Cut it down and burn it. I've trimmed/removed a few and it was nothing but a bad memory.


----------



## treemandan (Apr 12, 2008)

ShockaSPY said:


> Cut it down and burn it. I've trimmed/removed a few and it was nothing but a bad memory.



That is a horrible thing to say. You just have to take your time and a little pain. A nice hardy little tree a Hawthorn.


----------



## BC WetCoast (Apr 13, 2008)

Like other decids, remove dead limbs, then crossinging branches, watersprouts, then thin and shape.


----------



## yooper (Apr 13, 2008)

The Haws are a thorn in the arborist's side I would have to agree with most here about the trimming. 
They are a neet little tree that provide some food and alot of thorny shelter for songbirds and other wildlife.


----------



## masterarbor (Apr 13, 2008)

work the outside and shape it to your satisfaction. then do some LIGHT trimming to the interior. hawthornes like to be real thick and get leggy when over thinned.
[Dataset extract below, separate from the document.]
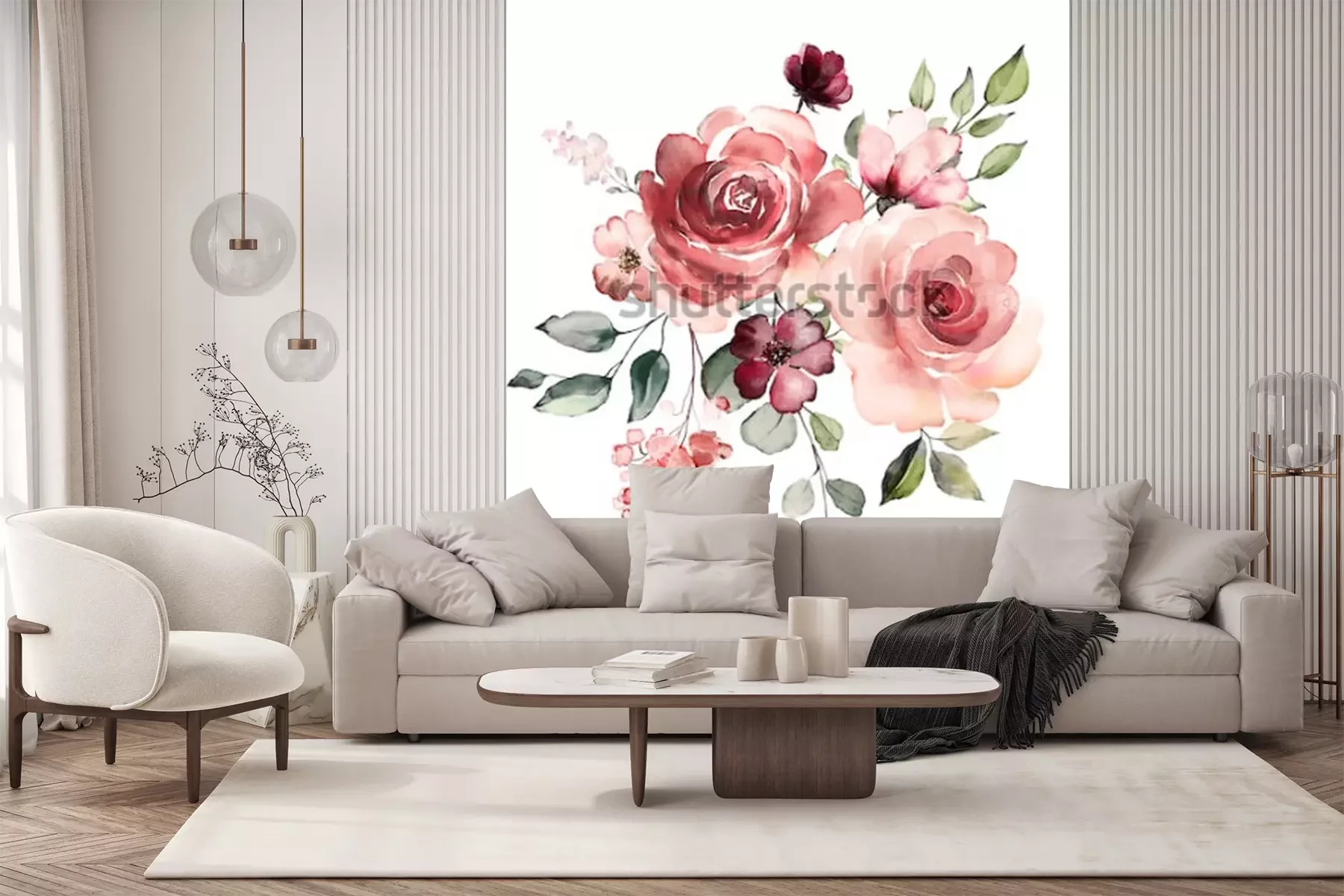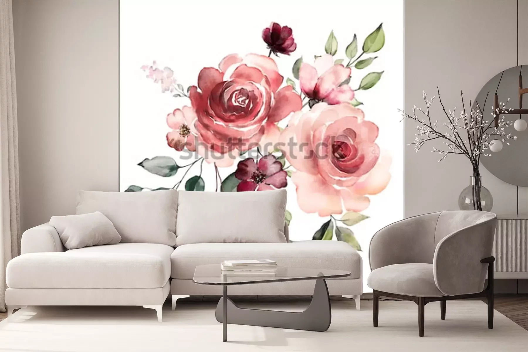 Fototapete Aquarellstrauß aus Rosen und Blättern

I usually remove some bigger suckers and that thins them adequately. give us some pics when you're done.

kevin


----------



## Thillmaine (Apr 13, 2008)

*Rid the thorns*

Do yourself a favor and cut any thorns out as you go... I am sure they provide little aesthetic appeal to the client...It will be a life saver next time you prune the damn thing. Also be careful if oyu get stuck (which you undoubtably will) make sure you cleant he wound, they have been known to get infected very easily.


----------



## masterarbor (Apr 13, 2008)

Thillmaine said:


> Do yourself a favor and cut any thorns out as you go... I am sure they provide little aesthetic appeal to the client...It will be a life saver next time you prune the damn thing. Also be careful if oyu get stuck (which you undoubtably will) make sure you cleant he wound, they have been known to get infected very easily.



I respectfully disagree. Be careful, but leave the thorns. If i hired someone to trim my hawthorne and they did this, i would assume that they were not knowledgeable in tree care (not to mentioned pissed off).


----------



## jefferyc22 (Apr 13, 2008)

masterarbor said:


> I respectfully disagree. Be careful, but leave the thorns. If i hired someone to trim my hawthorne and they did this, i would assume that they were not knowledgeable in tree care (not to mentioned pissed off).
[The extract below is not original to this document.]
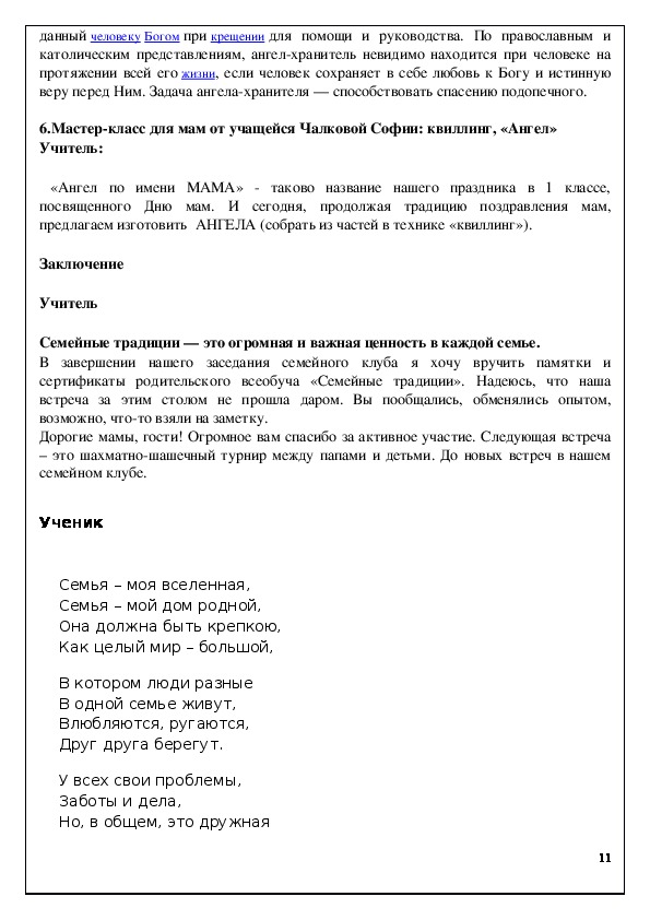 «Ангел по имени МАМА» таково название нашего праздника в 1 классе,
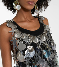 Celebrated for creating glamorous designs with unexpected materials, Rabanne’s innovative spirit continues to break boundaries. Fully embellished and equipped with detachable lining, this minidress pays homage to Paco Rabanne's heritage. Product Details - Material: 50% polyester, 50% aluminum - Care instructions: specialist clean - Made in Madagascar - Designer color name: Silver - Item color: black, silver - Lining: 98% viscose, 2% elastane - Detachable lining - Includes: dust bag - Item number: P01058780 Size & Fit - True to size - Cinched waist - Partly stretchy fabric - The model seen in the picture is 178cm-5'10" and wearing a size FR 36

Huh?.......I hate working for people like you......


----------



## masterarbor (Apr 13, 2008)

i'm not going to respond. this is a professional forum with professional advice.


----------



## jefferyc22 (Apr 13, 2008)

masterarbor said:


> i'm not going to respond. this is a professional forum with professional advice.



I wouldn't bother ...but clipping the thorns isn't going to hurt the tree.


----------



## jefferyc22 (Apr 13, 2008)

TreeCo said:


> I wouldn't dream of removing the thorns without first talking it over with the owner. I believe the thorns are a very attractive feature of the Hawthorne tree.
> 
> We have transplanted a couple of small Hawthornes to our flower garden in the past week and have quite a few large one out in the woods. They make nice yard trees.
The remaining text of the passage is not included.